DATA SECTION:
====

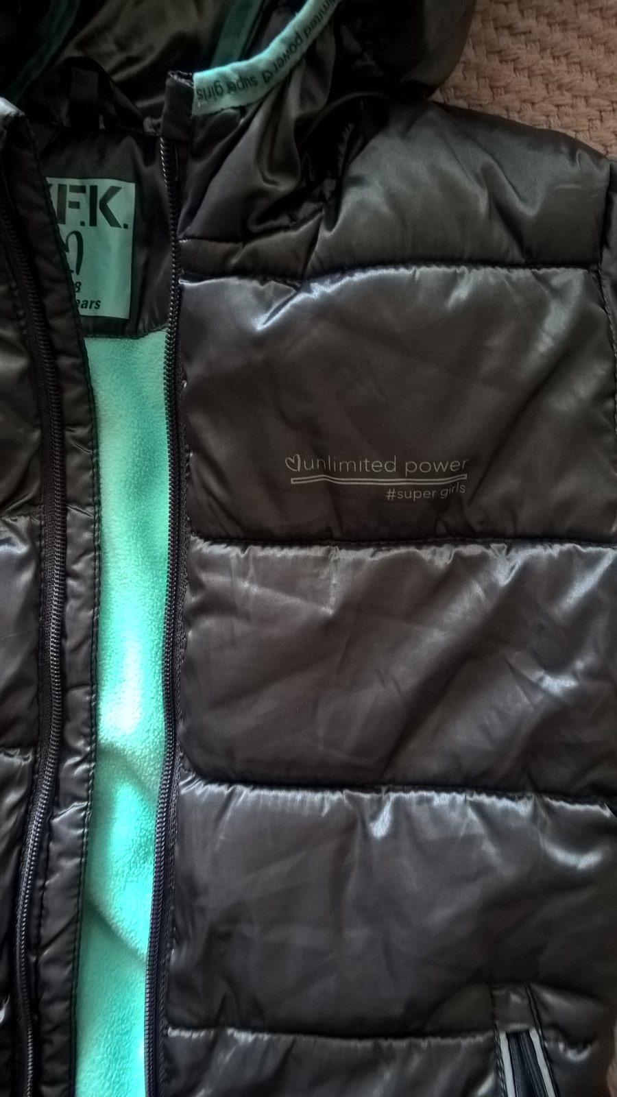 zateplená bunda veľ 128 zn. Y.F.K bez poškodení kapuca napevno zapínanie na zips 2 bočné vrecká na zips
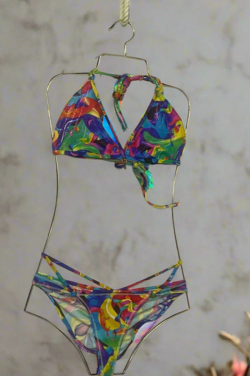 Turn heads and make a splash with our vibrant, colorful two-piece bathing suit. Designed for the woman who loves to stand out, this playful set features a bold mix of colors that radiate energy and confidence. The flattering top provides support and comfort, while the multiple strings bottom offers a sleek, chic silhouette. Perfect for beach days, poolside lounging, or a tropical getaway, this swimsuit is all about fun, fearless style. With its eye-catching hues and timeless design, you'll feel confident, comfortable, and ready for anything the summer brings.
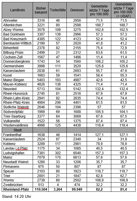 Die oben genannten Zahlen entsprechen den in der Meldesoftware des Robert Koch-Instituts übermittelten laborbestätigten Fällen einer COVID-19 Erkrankung mit Meldeadresse in Rheinland-Pfalz. Diese werden von den Gesundheitsämtern über die Landesmeldestelle beim Landesuntersuchungsamt an das Robert Koch-Institut übermittelt. Diese Zahlen können vereinzelt von den durch die Kreisverwaltungen kommunizierten Zahlen abweichen.
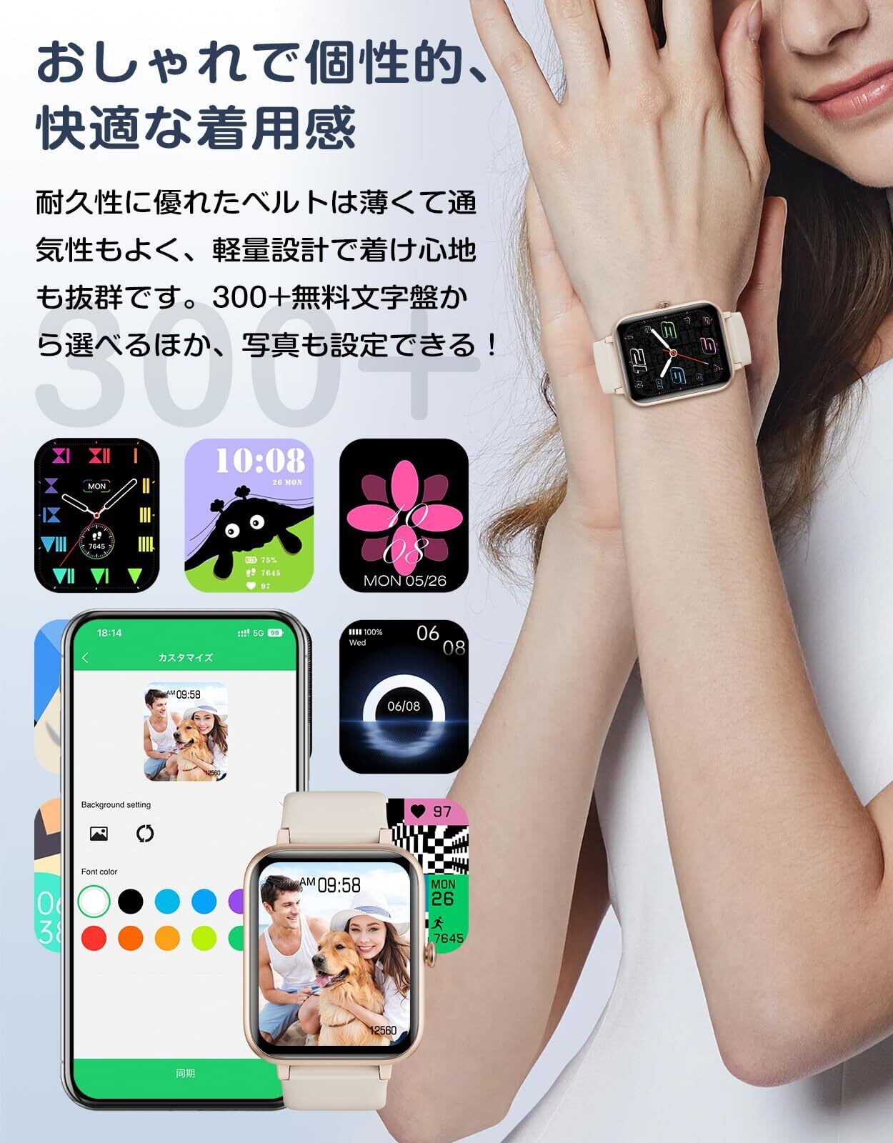 【300+文字盤&多機能ウォッチ】 専用アプリには300種類以上の文字盤が用意しており、男女問わず自由に選ぶことができます。 また、スマホの写真を文字盤に設定することも可能です。服装や気分に合わせて文字盤を変えましょう!上記のほか、スマートウォッチには天気予報、音声アシスタント、アラーム、ミニゲーム、パスワード設定可能、タイマー、ストップウォッチ、スマホを探す、懐中電灯、リモート撮影、電卓、腕上げ点灯機能、おやすみモードなど、多彩な機能を備えている。 多機能とスタイリッシュでシンプルな外観で、新年、クリスマス、敬老の日、誕生日などのプレゼントにもおすすめです。

====

TASK: When you write out the data, keep every line exact and drop the pictures.

TASK OUTPUT:
 zateplená bunda veľ 128 zn. Y.F.K bez poškodení kapuca napevno zapínanie na zips 2 bočné vrecká na zips
 Turn heads and make a splash with our vibrant, colorful two-piece bathing suit. Designed for the woman who loves to stand out, this playful set features a bold mix of colors that radiate energy and confidence. The flattering top provides support and comfort, while the multiple strings bottom offers a sleek, chic silhouette. Perfect for beach days, poolside lounging, or a tropical getaway, this swimsuit is all about fun, fearless style. With its eye-catching hues and timeless design, you'll feel confident, comfortable, and ready for anything the summer brings.
 Die oben genannten Zahlen entsprechen den in der Meldesoftware des Robert Koch-Instituts übermittelten laborbestätigten Fällen einer COVID-19 Erkrankung mit Meldeadresse in Rheinland-Pfalz. Diese werden von den Gesundheitsämtern über die Landesmeldestelle beim Landesuntersuchungsamt an das Robert Koch-Institut übermittelt. Diese Zahlen können vereinzelt von den durch die Kreisverwaltungen kommunizierten Zahlen abweichen.
 【300+文字盤&多機能ウォッチ】 専用アプリには300種類以上の文字盤が用意しており、男女問わず自由に選ぶことができます。 また、スマホの写真を文字盤に設定することも可能です。服装や気分に合わせて文字盤を変えましょう!上記のほか、スマートウォッチには天気予報、音声アシスタント、アラーム、ミニゲーム、パスワード設定可能、タイマー、ストップウォッチ、スマホを探す、懐中電灯、リモート撮影、電卓、腕上げ点灯機能、おやすみモードなど、多彩な機能を備えている。 多機能とスタイリッシュでシンプルな外観で、新年、クリスマス、敬老の日、誕生日などのプレゼントにもおすすめです。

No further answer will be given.